M: development drive means 5 ... developing device 7 ... supply roller drive gear 8 ... drive input gear 10 ... development roller drive gear 11 ... biasing member 24 ... supply roller 24a ... core metal 24a1 ... notch 25 ... development roller 25a ... core Money

Claims (13)

A developer carrying member that carries and rotates the developer and supplies the developer to the image carrier;
A developer supply member having a foam layer on the surface, rotating in contact with the developer carrier, and supplying the developer to the developer carrier;
A first gear for transmitting a driving force to the developer supply member;
A biasing member you biases the first gear,
I have a,
A notch is formed at the end of the rotating shaft of the developer supply member ,
The first gear is formed with a fitting hole that can be fitted with the notch ,
The biasing member does not transmit the driving force to the developer supply member because the notch and the fitting hole are not fitted to the first gear when the developer carrier is initially driven. position from the notch and the developing device and the fitting hole and said Rukoto is moved to a second position for transmitting driving force to said developer supplying member by fitting.

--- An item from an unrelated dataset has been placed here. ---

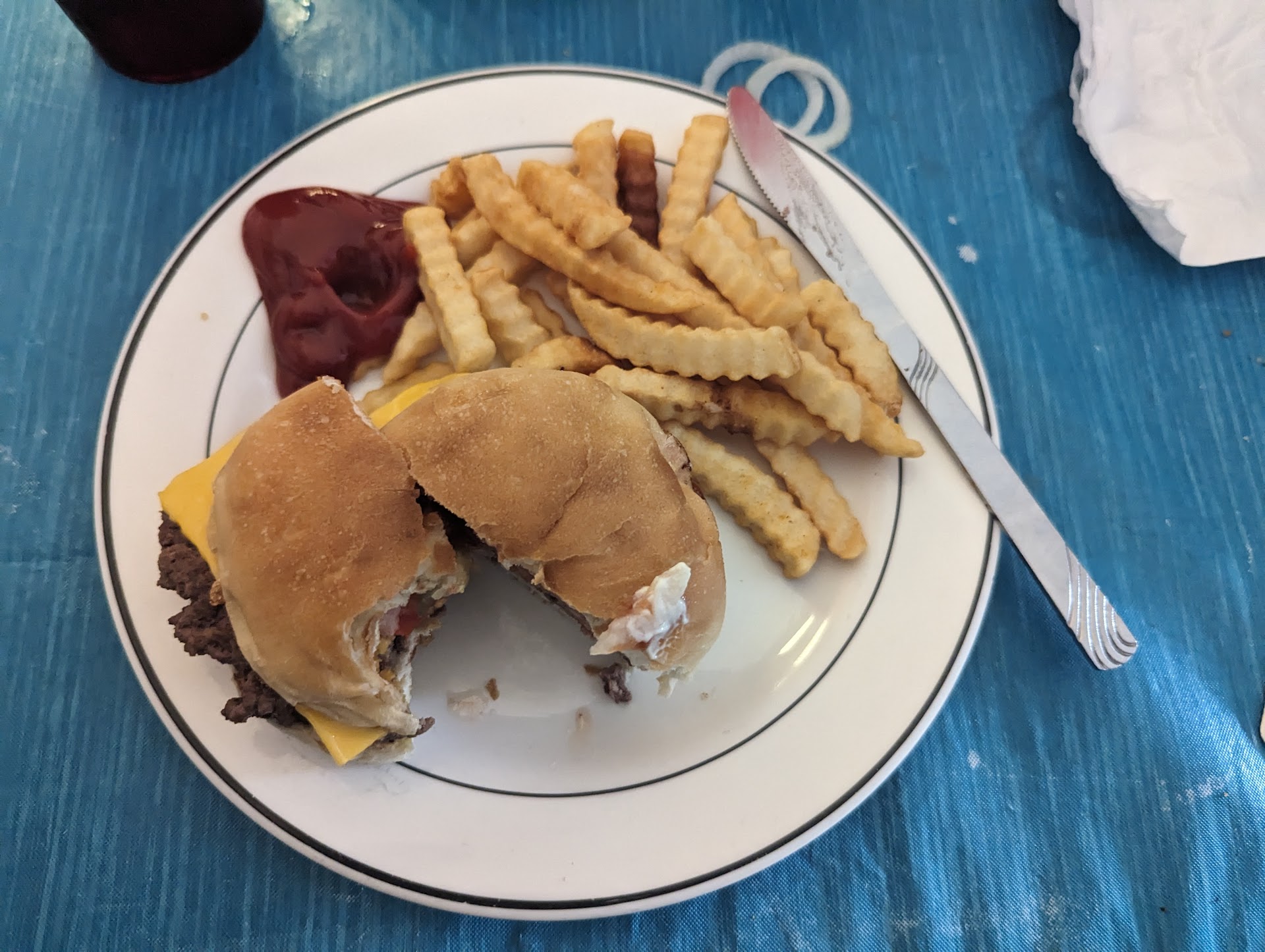 The cheeseburger was incredible served 'all the way'. The cornbread was crisp on the outside and fluffy inside. The sweet tea was indeed sweet but very refreshing. The sides I enjoyed were turnip greens and the black eyes beans. The coleslaw was absolutely the best and I like coleslaw.

A developer carrying member that carries and rotates the developer and supplies the developer to the image carrier;
A developer supply member having a foam layer on the surface, rotating in contact with the developer carrier, and supplying the developer to the developer carrier;
A first gear for transmitting a driving force to the developer supply member ;
By energizing the first gear, the first gear is driven to the developer supply member from a first position where no driving force is transmitted to the developer supply member during the initial drive of the developer carrier. A biasing member that moves to a second position for transmitting force ;
Have
The timing at which the first gear moves to the second position during the initial driving of the developer carrier is such that the angle corresponding to the nip portion between the developer carrier and the developer supply member is 360 degrees. current image device you characterized in that the angle or more angles obtained by subtracting the rotation axis of the developer supply member is then rotated. And a second gear for transmitting a driving force to the developer carrier.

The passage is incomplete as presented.